▸ **EXERCISE**
All that is needed is an exact repetition of the lines from the one containing "This Oyster Perpetual" through the final line of the material, without pictures.
[GIVEN MATERIAL]
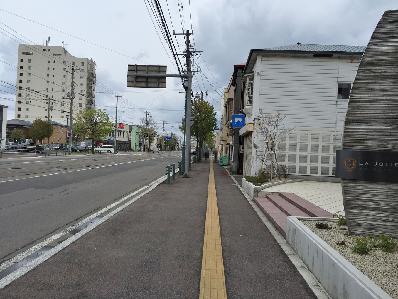 ホテルの前から見た宝来町の電車道路
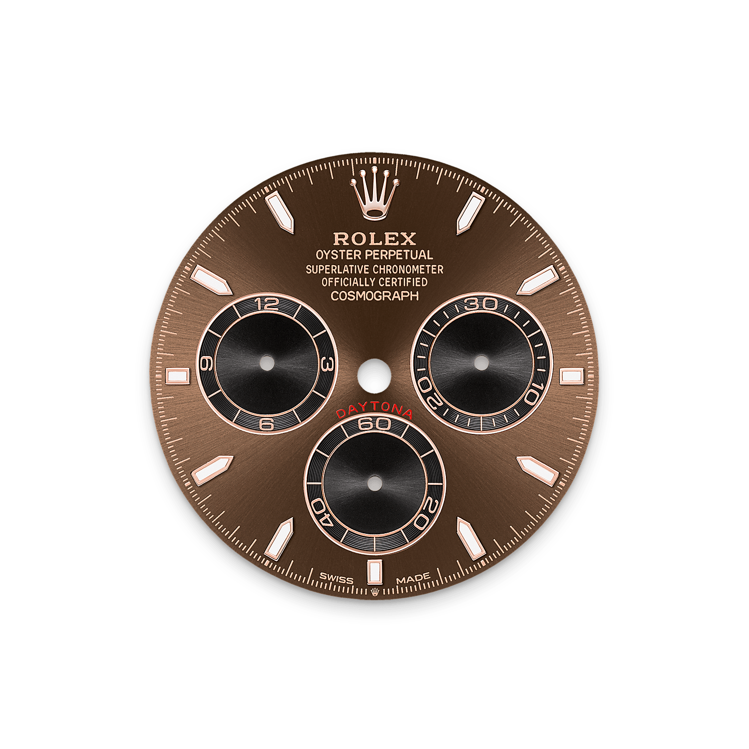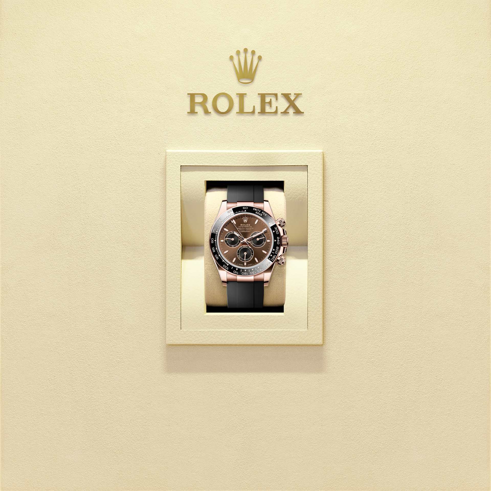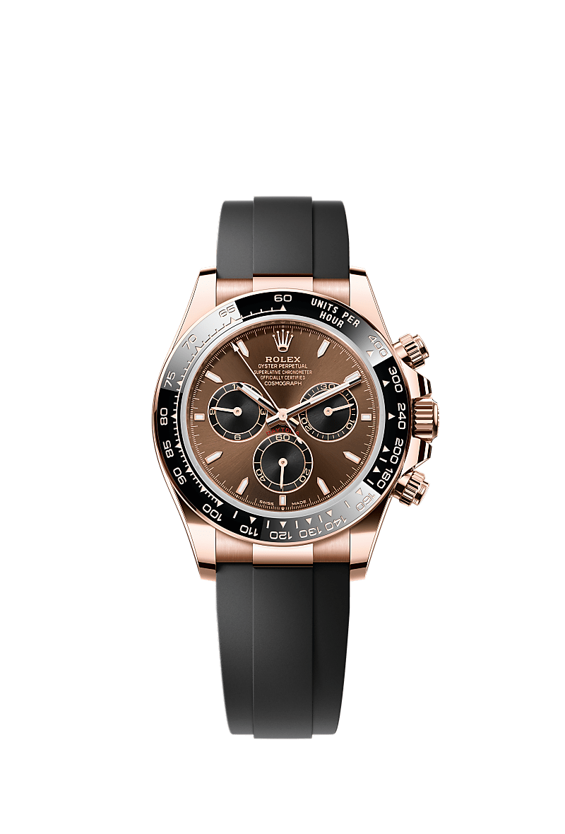 This Oyster Perpetual Cosmograph Daytona in 18 ct Everose gold, with a chocolate and black dial and an Oysterflex bracelet, features a black Cerachrom bezel with tachymetric scale.
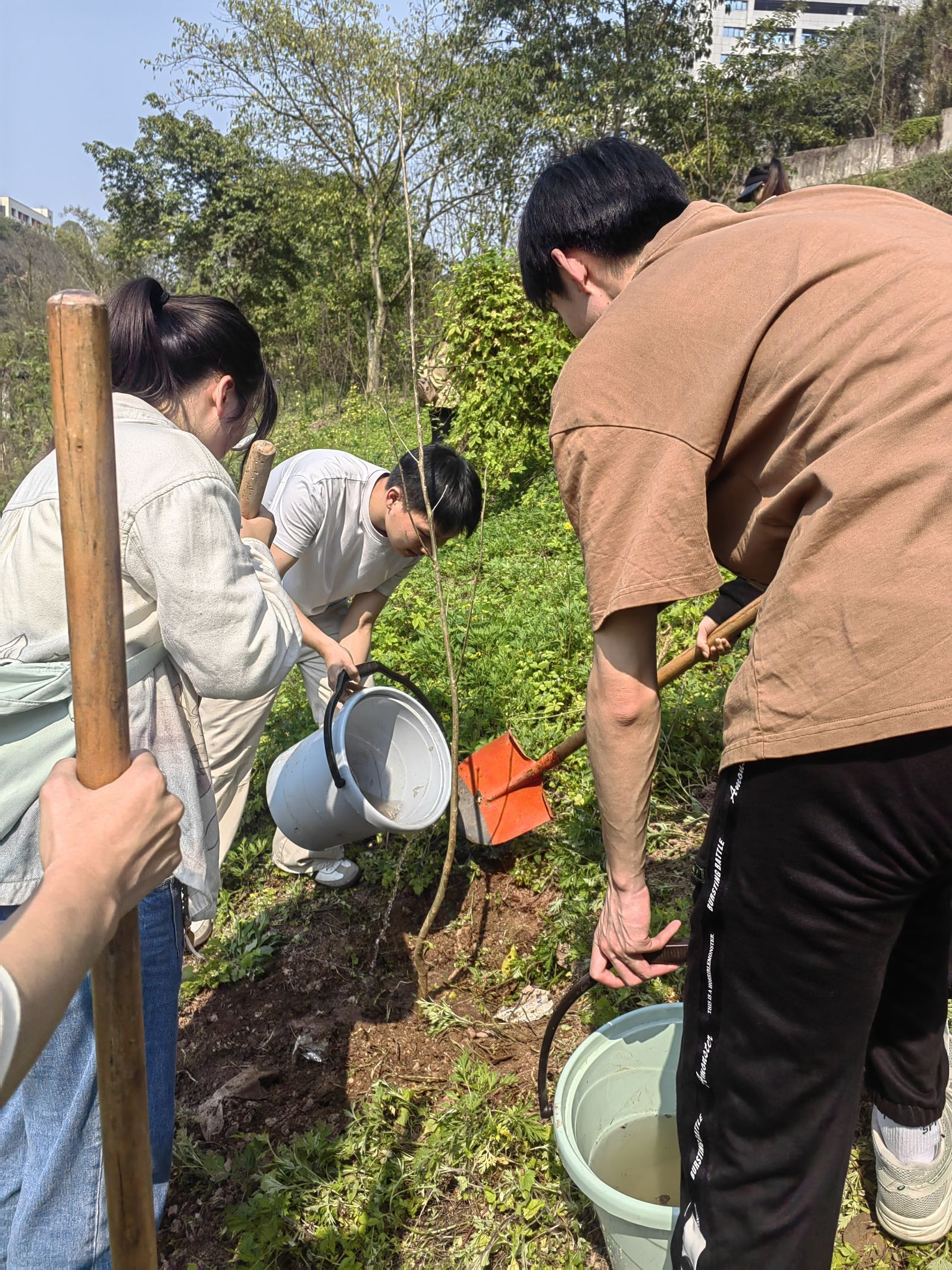 在湿地公园生态修复区,党旗与绿树交相辉映。活动伊始,党支部书记王丽娟进行了简短的活动启动讲话,强调植树造林的重要性及活动的意义,然后分发植树工具(铲子、水桶、树苗等),并进行简单的使用说明。接着在观看了专业工作人员的种植演示后,同学们纷纷摩拳擦掌,怀着激动兴奋的心情准备进行植树实践。在植树过程中,同学们按照分组进行合理分工,有条不紊的进行着挖坑、放苗、填土、浇水等步骤,在遇到困惑时便立即向经验丰富的工作人员寻求指导,确保树苗种植的科学性和成活率。
[/GIVEN MATERIAL]
▸ **ANSWER AREA**
 This Oyster Perpetual Cosmograph Daytona in 18 ct Everose gold, with a chocolate and black dial and an Oysterflex bracelet, features a black Cerachrom bezel with tachymetric scale.
 在湿地公园生态修复区,党旗与绿树交相辉映。活动伊始,党支部书记王丽娟进行了简短的活动启动讲话,强调植树造林的重要性及活动的意义,然后分发植树工具(铲子、水桶、树苗等),并进行简单的使用说明。接着在观看了专业工作人员的种植演示后,同学们纷纷摩拳擦掌,怀着激动兴奋的心情准备进行植树实践。在植树过程中,同学们按照分组进行合理分工,有条不紊的进行着挖坑、放苗、填土、浇水等步骤,在遇到困惑时便立即向经验丰富的工作人员寻求指导,确保树苗种植的科学性和成活率。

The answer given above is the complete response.